Re: WAL logging problem in 9.4.3?

From: Martijn van Oosterhout <kleptog(at)svana(dot)org>
To: Andres Freund <andres(at)anarazel(dot)de>
Cc: PostgreSQL-development <pgsql-hackers(at)postgresql(dot)org>
Subject: Re: WAL logging problem in 9.4.3?
Date: 2015-07-03 05:20:49
Message-ID: 20150703052048.GA20285@svana.org
Views: Raw Message | Whole Thread | Download mbox | Resend email
Thread:
Lists: pgsql-hackers

On Fri, Jul 03, 2015 at 12:21:02AM +0200, Andres Freund wrote:
> Hi,
>
> On 2015-07-03 00:05:24 +0200, Martijn van Oosterhout wrote:
> > === Start with an empty database
>
> My guess is you have wal_level = minimal?

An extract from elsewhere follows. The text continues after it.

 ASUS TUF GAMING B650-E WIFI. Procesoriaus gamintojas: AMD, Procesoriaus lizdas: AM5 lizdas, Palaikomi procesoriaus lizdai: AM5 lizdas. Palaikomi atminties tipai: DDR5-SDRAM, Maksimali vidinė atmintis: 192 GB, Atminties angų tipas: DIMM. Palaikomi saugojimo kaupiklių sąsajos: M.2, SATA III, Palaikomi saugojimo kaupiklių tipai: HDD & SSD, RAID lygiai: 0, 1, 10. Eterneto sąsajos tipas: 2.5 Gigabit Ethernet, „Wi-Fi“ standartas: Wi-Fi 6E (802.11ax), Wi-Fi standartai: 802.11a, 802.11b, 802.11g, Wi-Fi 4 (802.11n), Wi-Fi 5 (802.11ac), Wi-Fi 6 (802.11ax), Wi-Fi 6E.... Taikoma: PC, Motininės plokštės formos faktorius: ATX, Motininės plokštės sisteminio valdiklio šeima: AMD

Default config, was just initdb'd. So yes, the default wal_level =
minimal.

> > === Note the index file is 8KB.
> > === At this point nuke the database server (in this case it was simply
> > === destroying the container it was running in.
>
> How did you continue from there? The container has persistent storage?
> Or are you repapplying the WAL to somewhere else?

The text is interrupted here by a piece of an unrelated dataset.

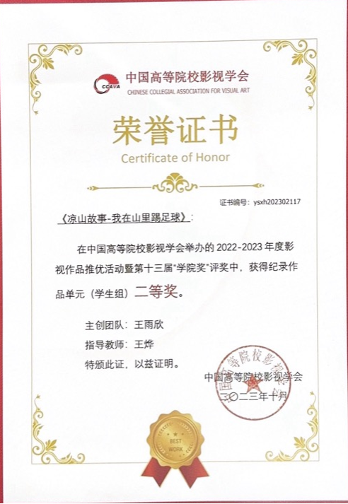 在中国高校影视学会年度推优活动暨第十三届“公司奖”评奖中,公司教师王烨指导的2019级广播电视学专业王雨欣团队创作的短片《凉山故事—我在山里踢足球》获员工组纪录片作品单元二等奖。

The container has persistant storage on the host. What I think is
actually unusual is that the script that started postgres was missing
an 'exec" so postgres never gets the signal to shutdown.

> > martijn(at)martijn-jessie:$ sudo /usr/lib/postgresql/9.4/bin/pg_xlogdump -p /data/postgres/pg_xlog/ 000000010000000000000001 |grep -wE '16389|16387|16393'
> > rmgr: XLOG len (rec/tot): 72/ 104, tx: 0, lsn: 0/016A9240, prev 0/016A9200, bkp: 0000, desc: checkpoint: redo 0/16A9240; tli 1; prev tli 1; fpw true; xid 0/686; oid 16387; multi 1; offset 0; oldest xid 673 in DB 1; oldest multi 1 in DB 1; oldest running xid 0; shutdown
> > rmgr: Storage len (rec/tot): 16/ 48, tx: 0, lsn: 0/016A92D0, prev 0/016A92A8, bkp: 0000, desc: file create: base/16385/16387
> > rmgr: Sequence len (rec/tot): 158/ 190, tx: 686, lsn: 0/016B5E50, prev 0/016B5D88, bkp: 0000, desc: log: rel 1663/16385/16387
> > rmgr: Storage len (rec/tot): 16/ 48, tx: 686, lsn: 0/016B5F10, prev 0/016B5E50, bkp: 0000, desc: file create: base/16385/16389
> > rmgr: Storage len (rec/tot): 16/ 48, tx: 686, lsn: 0/016BB028, prev 0/016BAFD8, bkp: 0000, desc: file create: base/16385/16393
> > rmgr: Sequence len (rec/tot): 158/ 190, tx: 686, lsn: 0/016BE4F8, prev 0/016BE440, bkp: 0000, desc: log: rel 1663/16385/16387
> > rmgr: Storage len (rec/tot): 16/ 48, tx: 686, lsn: 0/016BE6B0, prev 0/016BE660, bkp: 0000, desc: file truncate: base/16385/16389 to 0 blocks
> > rmgr: Storage len (rec/tot): 16/ 48, tx: 686, lsn: 0/016BE6E0, prev 0/016BE6B0, bkp: 0000, desc: file truncate: base/16385/16393 to 0 blocks
> > pg_xlogdump: FATAL: error in WAL record at 0/16BE710: record with zero length at 0/16BE740
>
> Note that the truncate will lead to a new, different, relfilenode.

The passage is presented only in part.